* **Given information**
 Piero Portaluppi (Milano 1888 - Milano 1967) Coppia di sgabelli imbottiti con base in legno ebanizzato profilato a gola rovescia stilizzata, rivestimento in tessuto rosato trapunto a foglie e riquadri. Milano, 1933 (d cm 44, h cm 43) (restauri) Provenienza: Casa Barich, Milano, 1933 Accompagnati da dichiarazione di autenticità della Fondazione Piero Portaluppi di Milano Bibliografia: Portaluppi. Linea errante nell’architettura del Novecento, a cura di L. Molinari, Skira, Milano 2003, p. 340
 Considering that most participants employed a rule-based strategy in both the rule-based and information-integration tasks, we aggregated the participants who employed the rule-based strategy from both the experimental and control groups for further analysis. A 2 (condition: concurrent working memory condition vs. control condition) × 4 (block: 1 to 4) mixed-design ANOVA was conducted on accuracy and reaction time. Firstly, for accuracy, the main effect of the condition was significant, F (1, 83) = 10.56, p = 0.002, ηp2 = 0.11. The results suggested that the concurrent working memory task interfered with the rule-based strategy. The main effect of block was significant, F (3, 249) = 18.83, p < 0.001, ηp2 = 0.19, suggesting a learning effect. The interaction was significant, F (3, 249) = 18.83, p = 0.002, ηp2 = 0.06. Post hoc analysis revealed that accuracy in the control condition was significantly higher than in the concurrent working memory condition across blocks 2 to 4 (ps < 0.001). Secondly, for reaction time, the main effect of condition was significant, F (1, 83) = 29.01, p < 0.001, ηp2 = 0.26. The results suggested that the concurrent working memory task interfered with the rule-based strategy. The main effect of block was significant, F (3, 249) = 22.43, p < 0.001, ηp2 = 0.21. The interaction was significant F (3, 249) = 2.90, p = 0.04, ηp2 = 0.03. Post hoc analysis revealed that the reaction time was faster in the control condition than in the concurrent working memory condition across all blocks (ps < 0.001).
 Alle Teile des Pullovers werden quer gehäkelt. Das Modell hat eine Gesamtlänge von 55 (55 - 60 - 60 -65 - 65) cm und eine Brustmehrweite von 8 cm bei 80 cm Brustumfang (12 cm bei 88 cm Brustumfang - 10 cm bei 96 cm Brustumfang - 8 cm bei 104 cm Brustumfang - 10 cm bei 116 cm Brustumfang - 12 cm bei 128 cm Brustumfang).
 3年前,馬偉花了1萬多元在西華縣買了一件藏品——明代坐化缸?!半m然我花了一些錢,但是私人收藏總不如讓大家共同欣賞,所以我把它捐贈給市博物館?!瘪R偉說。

* **Exercise directions**
Restate word for word the lines from the one holding "Alle Teile des" to the end of the listing, both ends included, and nothing more.

* **Solution for this exercise**
 Alle Teile des Pullovers werden quer gehäkelt. Das Modell hat eine Gesamtlänge von 55 (55 - 60 - 60 -65 - 65) cm und eine Brustmehrweite von 8 cm bei 80 cm Brustumfang (12 cm bei 88 cm Brustumfang - 10 cm bei 96 cm Brustumfang - 8 cm bei 104 cm Brustumfang - 10 cm bei 116 cm Brustumfang - 12 cm bei 128 cm Brustumfang).
 3年前,馬偉花了1萬多元在西華縣買了一件藏品——明代坐化缸?!半m然我花了一些錢,但是私人收藏總不如讓大家共同欣賞,所以我把它捐贈給市博物館?!瘪R偉說。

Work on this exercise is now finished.